Can I just add to dAB's point here something that occured to me after his mention of Korzybski. Korzybski's name pops up time and again in any serious magick-related reading (RAW etc) not because of any actual magickal connection, but because of his theory of General Semantics, which basically holds that (and I am severely compressing complicated ideas into simple phrasing here, so be warned) the language we use to describe things governs the way we think about them, or, to put it more bluntly, our language creates our 'reality'.
Korzybski's mention here caught my eye, though, not because I've been reading about him in a magickal connection, but in terms of education - as some of y'all may know I have decided to get Quixotically involved in the world-class hames that is the British Educational System, which is one reason I quite like Runce's 'sixth form is for kids' line.
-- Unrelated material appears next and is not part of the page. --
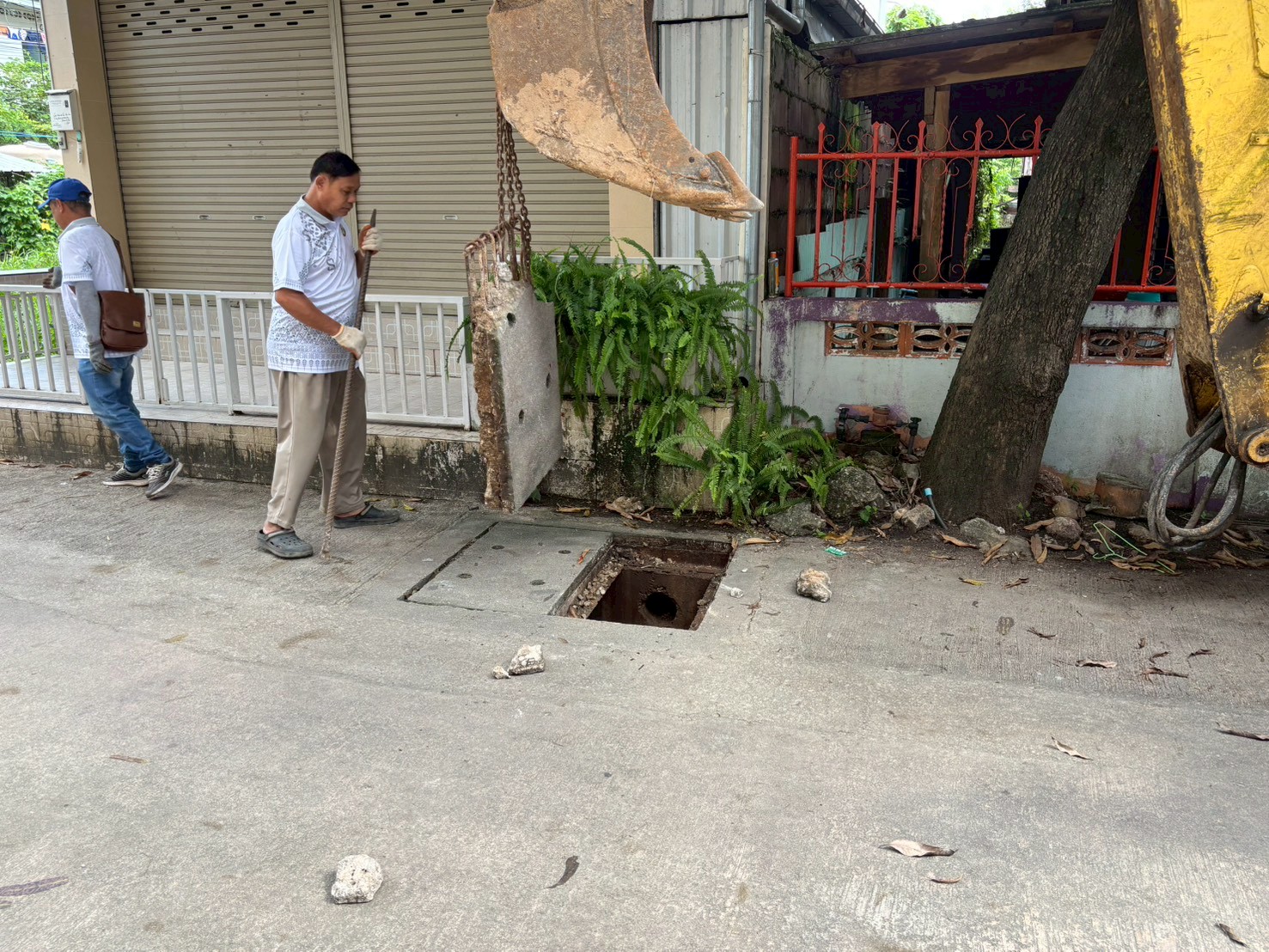 2. ได้เข้าดำเนินการเปลี่ยนฝาท่อระบายน้ำ บริเวณถนนเย็นอากาศ จำนวน 2 ฝา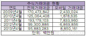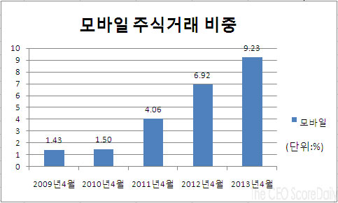20일 재벌 및 CEO, 기업 경영평가 사이트인 CEO스코어(대표 박주근)에 따르면 모바일 기기를 통한 주식거래 금액은 올 4월 8조8천501억6천100만 원으로 전체 주식거래대금 95조8천832억8천300만 원 중 9.23%를 차지했다. 이는 4년 전인 2009년 4월 모바일 거래대금이 2조4천330억2천400만 원이었던 데 비해 5조8천억 원 가량 늘어난 금액이다.

As part of my officially unsanctioned wider reading, I was looking at Neal Postman's The End of Education, the final chapter of which looks at the way in which language shapes reality, and has a hefty section on Korzybski...
All of this set me thinking about education in terms of the ideas I've came across in my magickal practice: the SNAFU principle, the eight-circuit theory, etc. And I realised, once again, that these ideas we label 'magick' or 'magick-related' can not be kept in a neat little box, and apply across the board, because, as Uncle Al might have said, magick isn't just for ALL, it is ALL...
I know a guy who comes to the school I'm teaching at who's running a therapy course for young male delinquents which basically involves putting them through initiations: dumping them out in the woods with no food, far away from their friends and all the support networks they've came to rely on, and making them get food, and then cook it, and then find their way out of the woods, etc. Again: magickal theory finding its way into reality in a 'non-magickal' context. Move somewhere else, do something else, become someone else. 'There is no 'I'. Nothing 'is'.'
...which, of course, is why we're not 'mages', in the same way we're not 'gay' or 'straight' or 'young' or 'old' or 'American' or 'Muslim'. All those are just labels...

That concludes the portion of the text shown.